Словно в подтверждение моих слов почва заметно вздрогнула, по земле пробежала легкая рябь, и дорога из песчаной превратилась в асфальтовую, а валун подо мной трансформировался в полосатый бетонный блок дорожного отбойника. Солнце мигнуло пару раз и подернулось белесой пеленой, а воздух стал тяжелым и влажным как перед грозой.
— Ты как всегда прав, Крэг, — поежился Бородавочник. — По-моему, надо просто собрать всех на площади и прямо сказать, мол, ребята, или нам всем приходит большой звиздец, или мы живем по старому. Вот же — нагляднее некуда!
Он кивнул на преобразившуюся дорогу.
— Нас не станут слушать или того хлеще: выгонят из Поселка… Но, кажется, я знаю, что надо делать, напарник! И если я окажусь прав, все вернется на свои места. Пошли!
Преданный Бородавочник тотчас встал и выбросил окурок.
— Тебе виднее, Крэг! Я всегда с тобой.
Поселок изменился до неузнаваемости. Вокруг вымощенной гранитной брусчаткой площади аккуратным кольцом стояли новенькие, пахнущие штукатуркой одинаковые коттеджи а-ля Средний Запад перед Великой депрессией. Возле каждого дома был разбит палисадничек с сиреневыми и розовыми кустами, и торчала мачта с фонарем. Вместо глинобитного склада теперь красовался большой ангар из листового алюминия с откатными дверями, а дом Мироныча стал двухэтажным и кирпичным.
Бородавочник ошалело помотал головой, развел руками и сказал:
— Чтоб меня рогач затоптал! Это что такое?
— Экскурсии сейчас устраивать у нас нет времени, — поторопил я его, — идем!
Мы направились к зданию с вывеской «Совет независимого поселения Freemisertown».
Я очень спешил. Потому что мне было страшно. Потому что когда-то, в прошлой и унылой жизни, я все это уже видел. Потому что я знал, чем все это может закончиться. А еще мне было обидно и стыдно. Потому что ведь именно я принес всем этим хорошим и разным людям, мечтавшим жить, как им хочется, а не как положено, самую опасную из болезней, от которой у них просто нет защиты, иммунитета, а потому она для них — верная гибель. И теперь я просто обязан был уничтожить ее источник… или сгинуть вместе со всеми.

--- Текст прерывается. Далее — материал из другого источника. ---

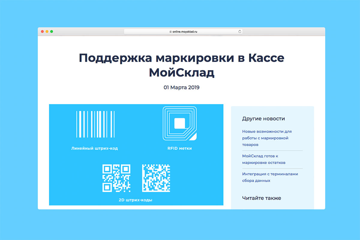 В «МоемСкладе» можно бесплатно маркировать товар: прямо из интерфейса клиенты получают коды, создают и отправляют на печать этикетки, вводят в оборот маркированную продукцию, продают ее через кассу. «МойСклад» поможет разобраться в процессе с нуля, узнать о последних изменениях от оператора маркировки и настроить работу в сервисе. Сервис предлагает бесплатные консультации, полезные статьи и вебинары.

Я шел и надеялся только на одно: застать Лёлика одного, чтобы никого больше рядом не оказалось. И для задуманного у меня была только одна попытка. Если дело не выгорит, то повторить ее мне не удастся.
В знакомой приемной было пусто, а на двери с табличкой «Председатель» висела записка «Сегодня приема не будет». Чувствуя, как мной постепенно овладевает ужас, я остановился перед ней и попытался прикинуть, где же наш председатель может быть. Куда он мог уйти?
В отличие от меня Бородавочник сомнений не ведал. Решительно отодвинув меня в сторону, он со всей своей силы жахнул кулачищами по крестовине. Не выдержав первобытного напора, дверь с грохотом провалилась внутрь кабинета.
Лёлик сидел за столом у окна с пустым стаканом в руке, а рядом с ним стояла Хильда. В руках у нее был бокал, наполненный темно-красной жидкостью. Еще я заметил, что по обе стороны от стола в углах кабинета светились призрачным голубоватым светом дэхуанские императорские вазы. Похоже именно их и спер в Пекине дурак Проныра.